2D cooling for quantum processors

2D cooling for quantum processors

Technology News |
By Nick Flaherty

Researchers in Switzerland have created a device that can efficiently convert heat into electrical voltage at ultra-low temperatures for quantum processor.

The 2D quantum cooling system developed at EPFL could help overcome a significant obstacle to the advancement of quantum computing technologies, which require extremely low temperatures. The technology could also be integrated directly into quantum processors.

The quantum cooler developed at the EPFL Laboratory of Nanoscale Electronics and Structures (LANES), led by Andras Kis, consists of a 2D graphene layer combined with indium selenide. This uses the Nernst effect, a complex thermoelectric phenomenon that generates an electrical voltage when a magnetic field is applied perpendicular to an object with a varying temperature. The two-dimensional nature of the lab’s device allows the efficiency of this mechanism to be controlled electrically.

Experiments involved using a laser as a heat source and a specialized dilution refrigerator to reach 100 millikelvin.

The results showed an on/off ratio of 103 and photovoltage measurements reveal a stronger photo-Nernst signal in the graphene/indium selenide heterostructure compared with individual components with a record-high Nernst coefficient of 66.4 μV/K/T at ultralow temperatures and low magnetic fields.

“We are the first to create a device that matches the conversion efficiency of current technologies, but that operates at the low magnetic fields and ultra-low temperatures required for quantum systems. This work is truly a step ahead,” says LANES PhD student Gabriele Pasquale.

“If you think of a laptop in a cold office, the laptop will still heat up as it operates, causing the temperature of the room to increase as well. In quantum computing systems, there is currently no mechanism to prevent this heat from disturbing the qubits. Our device could provide this necessary cooling,” says Pasquale.
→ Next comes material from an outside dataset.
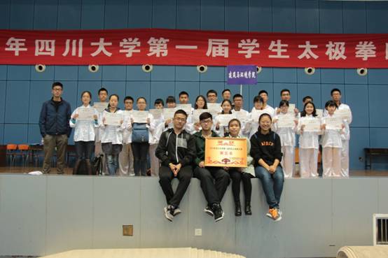 22日上午9:00,第一届学生太极拳比赛在江安校区体育馆内拉开了帷幕。学院代表队与匹兹堡学院代表队一起作为第七组参赛学院进行了表演。同学们身姿挺拔,动作整齐,“双峰贯耳”、“转身搬拦捶”等几个经典动作的完美演绎赢得了评委老师的一致赞许。最终,学院代表队以8.92分的成绩获得了本次比赛的第五名。
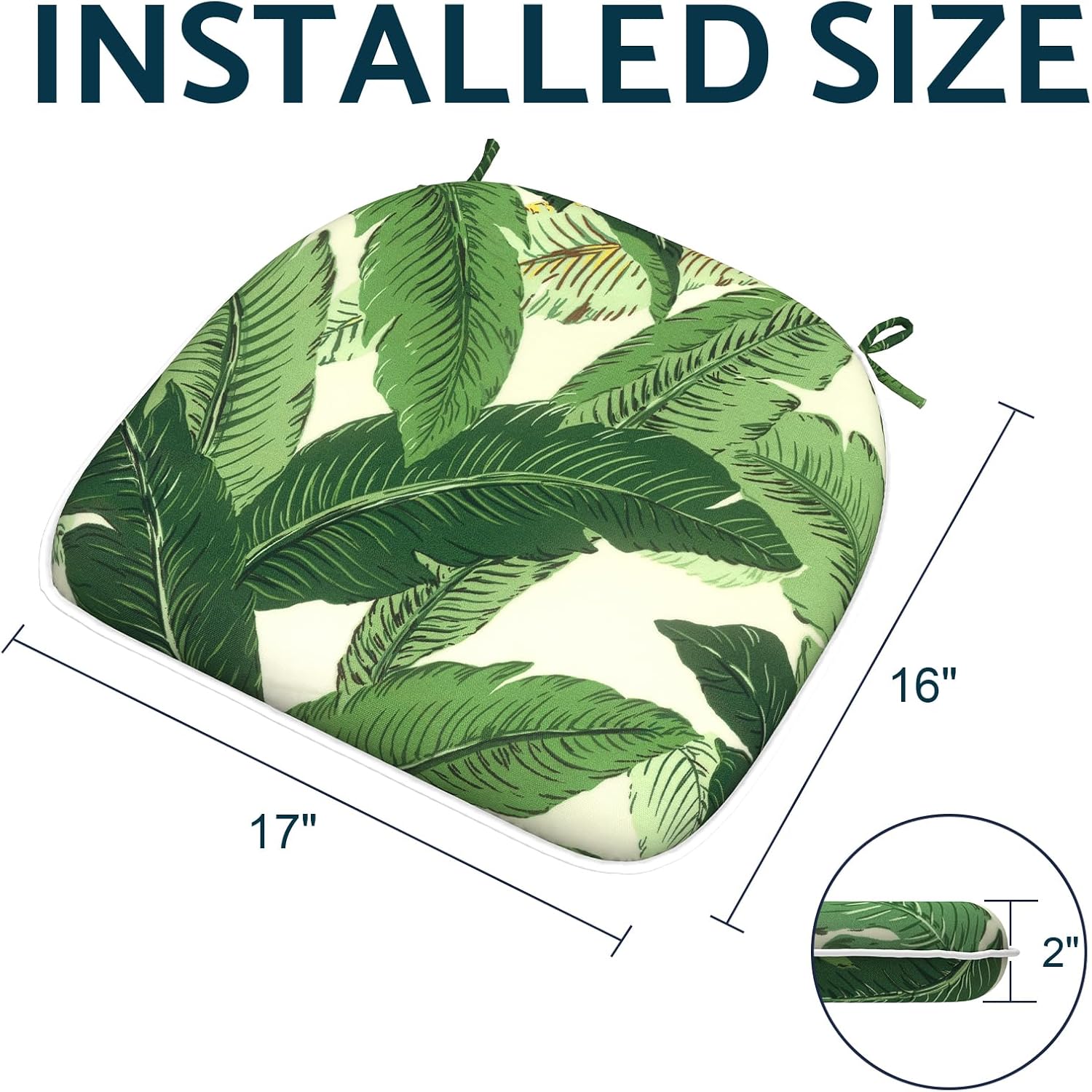 Indoor/Outdoor Chair Cushions 16x17 Inch, Patio Chair Cushions with Ties, All Weather Seat Cushions for Patio Furniture Home Garden Chair Use, Set of 2, Swaying Palms Green

Given the high conversion efficiency and the use of potentially manufacturable electronic components, the LANES team also believes their device could already be integrated into existing low-temperature quantum circuits.

“These findings represent a major advancement in nanotechnology and hold promise for developing advanced cooling technologies essential for quantum computing at millikelvin temperatures,” says Pasquale. “We believe this achievement could revolutionize cooling systems for future technologies.”